It is legal for multiple contexts to be running in multiple
threads, but only if those contexts use different
repository/checkout databases. Though access to the storage is,
through sqlite, protected via a mutex/lock, this library does not
have a higher-level mutex to protect multiple contexts from
colliding during operations. So... don't do that. One context, one
repo/checkout.
Multiple application instances may each use one fsl_cx instance to
share repo/checkout db files, but must be prepared to handle
locking-related errors in such cases. e.g. db operations which
normally "always work" may suddenly pause for a few seconds before
giving up while waiting on a lock when multiple applications use
the same database files. sqlite's locking behaviours are
documented in great detail at http://sqlite.org.
*/
/** @page page_artifacts Creating Artifacts
A brief overview of artifact creating using this API. This is targeted
at those who are familiar with how artifacts are modelled and generated
in fossil(1).
Primary artifact reference:
http://fossil-scm.org/index.html/doc/trunk/www/fileformat.wiki
In fossil(1), artifacts are generated via the careful crafting of
a memory buffer (large string) in the format described in the
document above. While it's relatively straightforward to do, there
are lots of potential gotchas, and a bug can potentially inject
"bad data" into the repo (though the verify-before-commit process
will likely catch any problems before the commit is allowed to go
through). The libfossil API uses a higher-level (OO) approach,
where the user describes a "deck" of cards and then tells the
library to save it in the repo (fsl_deck_save()) or output it to
some other channel (fsl_deck_output()). The API ensures that the
deck's cards get output in the proper order and that any cards
which require special treatment get that treatment (e.g. the
"fossilize" encoding of certain text fields). The "deck" concept
is equivalent to Artifact in fossil(1), but we use the word deck
because (A) Artifact is highly ambiguous in this context and (B)

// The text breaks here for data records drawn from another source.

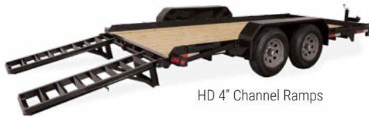
HD 4" Channel Ramps
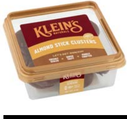
# 88205P Almond Stick Clusters Passover
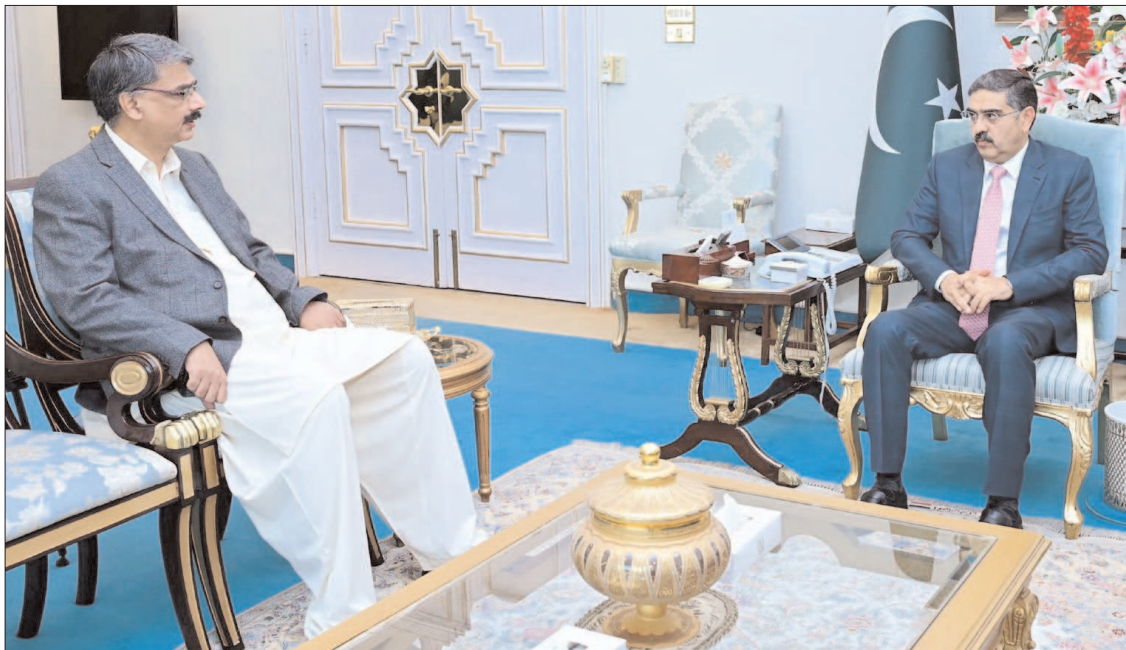
ISLAMABAD: Prime Minister of Azad Jammu and Kashmir Ch. Anwaar-ul Haq called on Caretaker Prime Minister Anwaar-ul-Haq Kakar.
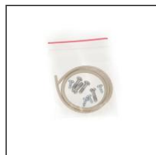
Hardware includes lid screws, PC board screws, and gasket
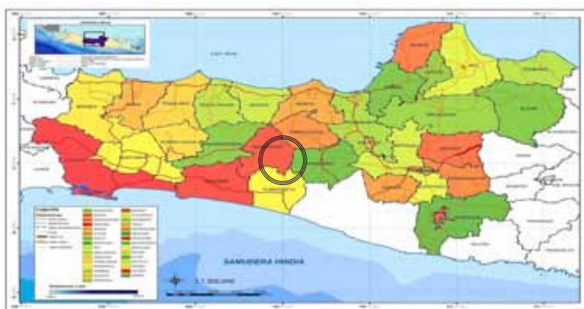
Figure 4. The Location of Parakan within the Island of Java. Source: genericcheapmed08.com, has been accessed on 7th February 2018.
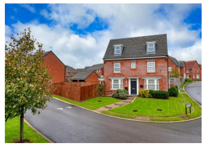
35 Chalmers Road, Baggeridge Village, Dudlev
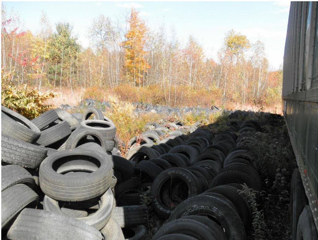
AREA OUTSIDE OF TRAILER #6
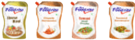
Cheese Blend Chipotle Mayonnaise Thousand Island Dressing Tandoori Mayonnaise
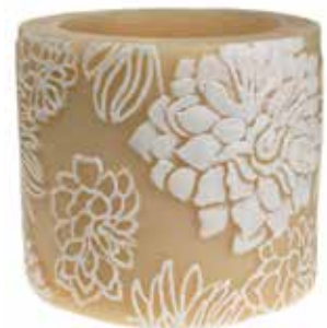
NL004 10cm recessed

colours: white + aqua scent: wild fig & pomegranate
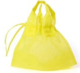
See Through Bag Yellow MM-SukerUB-lm Retail $ 69.00
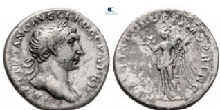
1381 Trajan AD 98-117. Rome Denarius AR 16 mm, 3,06 g nearly very fine 10
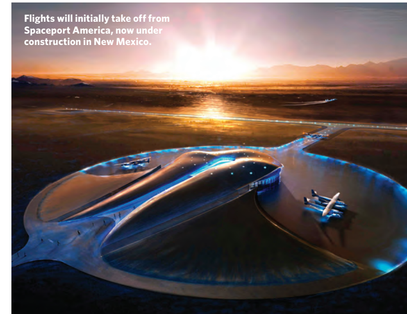
Flights will initially take off from Spaceport America, now under construction in New Mexico.

Fewer than 500 people have ever gone into space, so you'll be joining lofty ranks.
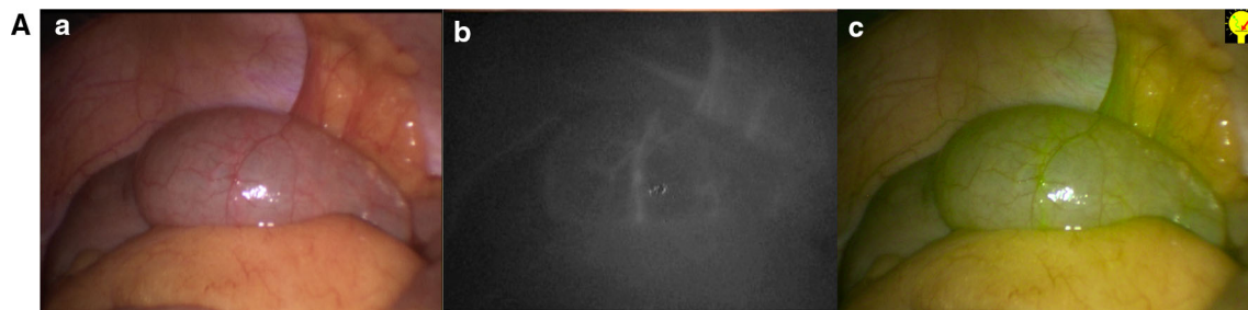
Fig. 3 Positive control. a Normal light. b Near-infrared fluorescence. c Superposition of NIR and normal light in green. A Image of the normal cecum after IDC injection
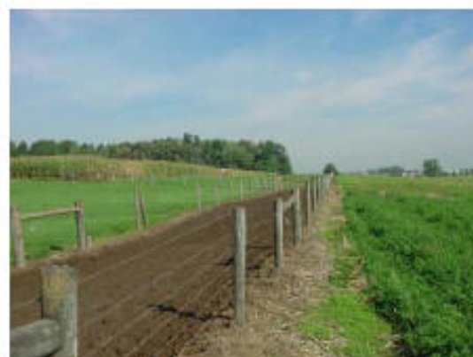
Livestock laneway constructed at Table Rock farms in Castile.
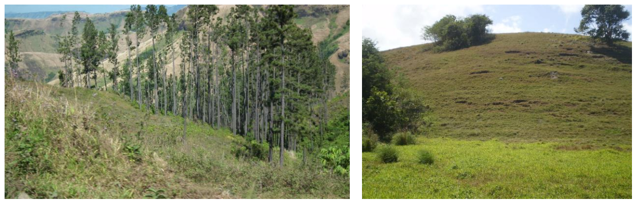
Pine plantations on LUC class VIs land (degraded talasiga land)
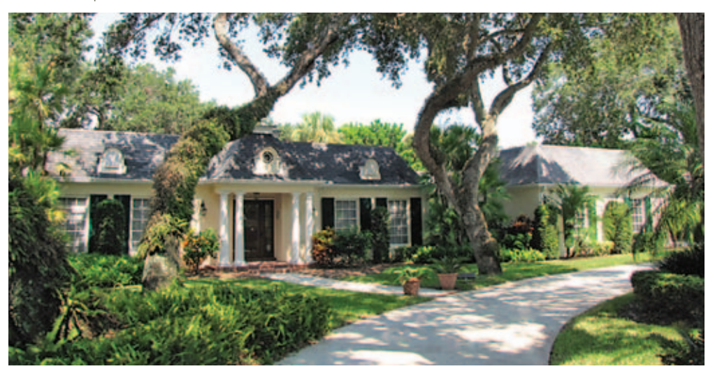
13 : 261 Sabal Palm Lane : Nestled along picturesque fairways of the South Course is this charming 4BR/4BA home located along a quiet cul-de-sac street. Lush tropical landscaping frames this 4084 \pm square foot residence featuring a generous living room with fireplace adjoining the open kitchen and family room with a pecky cypress tray ceiling, master suite with sitting area, high ceilings, pool/spa and golf views. G $1,285,000
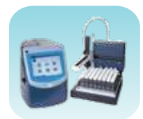
Total Organic Carbon 3800
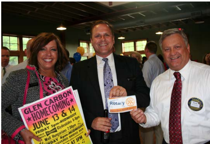
Edwardsville Rotary Club, May 15
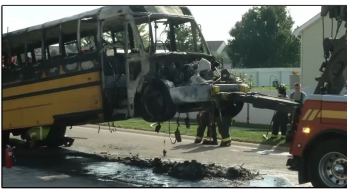
The EV school bus greatly diminishes this risk to our children.
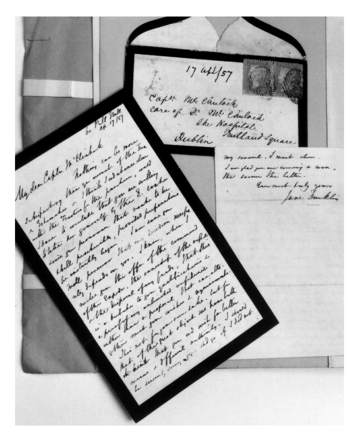
FIG. 2. A portion of Lady Franklin's letter of 17 April 1857, giving Captain M'Clintock command of the Fox , and related envelope (Franklin and Cracroft, 1857–1871).

accept. Researchers can draw some solace from the penultimate sentence, which indicates that Lady Franklin was at least aware of her challenging handwriting! This letter had an interesting history (Fig. 2). The envelope, postmarked AP 18 1857 and docketed by M'Clintock "Offer of command of Lady F's Expn.," survives. This document formed the foundation of a collection of letters, apparently assembled by M'Clintock, in what might be termed the "M'Clintock Portfolio" (Franklin and Cracroft, 1857–1871). M'Clintock referred to this letter at the outset of his hugely popular book on the expedition: "On the 18th April, 1857, Lady Franklin did me the honour to offer me the command of the proposed expedition – it was of course most cheerfully accepted" (M'Clintock, 1859:4).
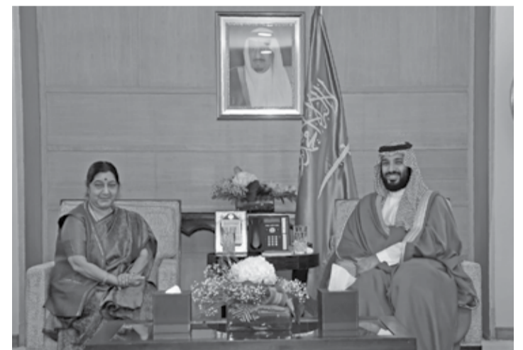
Saudi Crown Prince Mohammed bin Salman (R) during a meeting with Indian Minister of External Affairs Sushma Swaraj

deck is arguably the most obvious choice for the name of a type
which acts as a "container of cards."
Ideally, client-level code will never have to create an artifact
via the fsl_deck API (because doing so requires a fairly good
understanding of what the deck is for in the first place,
including the individual Cards). The public API strives to hide
those levels of details, where feasible, or at least provide
simpler/safer alternatives for basic operations. Some operations
may require some level of direct work with a fsl_deck
instance. Likewise, much read-only functionality directly exposes
fsl_deck to clients, so some familiarity with the type and its
APIs will be necessary for most clients.
The process of creating an artifact looks a lot like the following
code example. We have elided error checking for readability
purposes, but in fact this code has undefined behaviour if error
codes are not checked and appropriately reacted to.
@code
fsl_deck deck = fsl_deck_empty;
fsl_deck * d = &deck; // for typing convenience
fsl_deck_init( fslCtx, d, FSL_CATYPE_CONTROL ); // must come first
fsl_deck_D_set( d, fsl_julian_now() );
fsl_deck_U_set( d, "your-fossil-name", -1 );
fsl_deck_T_add( d, FSL_TAGTYPE_ADD, "...uuid being tagged...",
"tag-name", "optional tag value");
...
// unshuffle is necessary when using multi-cards which may
// need sorting (tags, filenames, etc.):
fsl_deck_unshuffle(d, 0);
// Unshuffling is done by the client because the deck is const
// when we output it:
fsl_deck_output( f, d, fsl_output_f_FILE, stdout );
// note that fsl_deck_save() does the unshuffle itself.
fsl_deck_finalize(d);
@endcode
The order the cards are added to the deck is irrelevant - they
will be output in the order specified by the Fossil specs
regardless of their insertion order. Each setter/adder function
knows, based on the deck's type (set via fsl_deck_init()), whether
the given card type is legal, and will return an error (probably
FSL_RC_TYPE) if an attempt is made to add a card which is illegal
for that deck type. Likewise, fsl_deck_output() and
fsl_deck_save() confirm that the decks they are given contain (A)
only allowed cards and (B) have all required
cards. fsl_deck_save() also sorts any "multi-cards" which need it
(e.g. T- and F-cards).
*/
/** @page page_transactions DB Transactions
The fsl_db_transaction_begin() and fsl_db_transaction_end()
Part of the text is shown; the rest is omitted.